INFORMATION SHOWN:
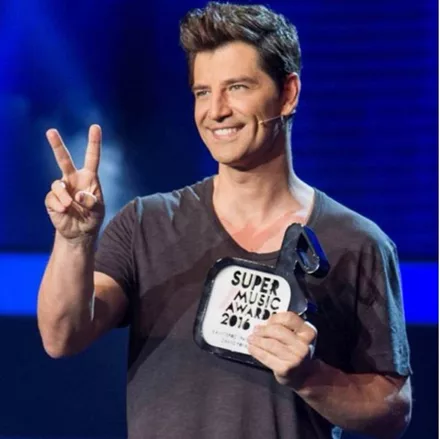 Ο Σάκης Ρουβάς ποζάρει με το βραβείο του από τα Super Music Awards 2016
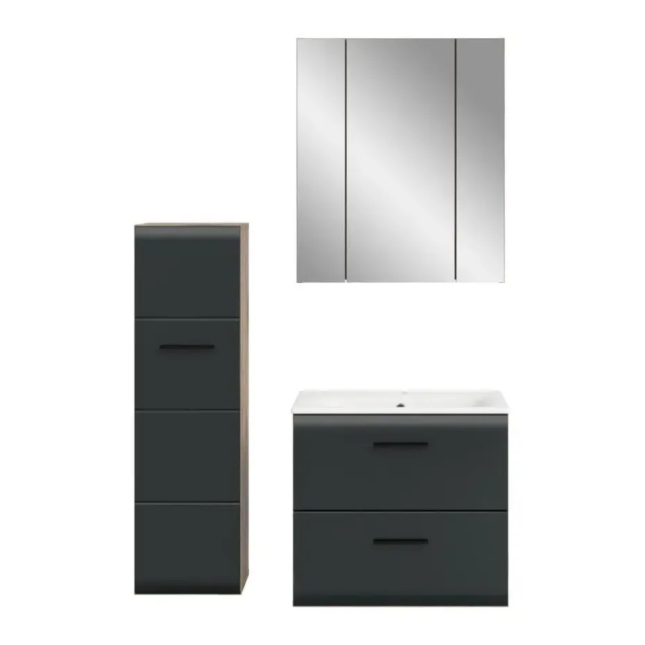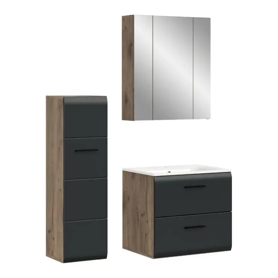Ice badkamer zwart mat, eiken decor. Incl. wasbak. Zonder armatuur. Lade volledig uittrekbaar. Badkamercombinatie (B/H/D: 105x185x46 cm) 4-delig met opbergmeubel, matzwart & Nox Oak. Deze combinatie is de slimme keuze voor designliefhebbers die van slimme oplossingen houden. Met het speciale opbergmeubel, wastafelmeubel inclusief wastafel en spiegelkast krijgt u een ruimtebesparende, functionele oplossing met een moderne uitstraling.
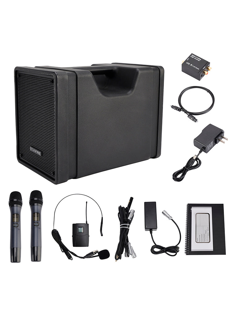 1. This product is a multifunctional, active, portable, high-sound-pressure speaker system with multiple functions, including wireless microphone grouping.

EXERCISE DIRECTIONS: Return only the lines from the one that contains "Ice badkamer zwart" through the closing line of the data, inclusive, reproduced exactly and with every picture left out.

RESPONSE AREA:
Ice badkamer zwart mat, eiken decor. Incl. wasbak. Zonder armatuur. Lade volledig uittrekbaar. Badkamercombinatie (B/H/D: 105x185x46 cm) 4-delig met opbergmeubel, matzwart & Nox Oak. Deze combinatie is de slimme keuze voor designliefhebbers die van slimme oplossingen houden. Met het speciale opbergmeubel, wastafelmeubel inclusief wastafel en spiegelkast krijgt u een ruimtebesparende, functionele oplossing met een moderne uitstraling.
 1. This product is a multifunctional, active, portable, high-sound-pressure speaker system with multiple functions, including wireless microphone grouping.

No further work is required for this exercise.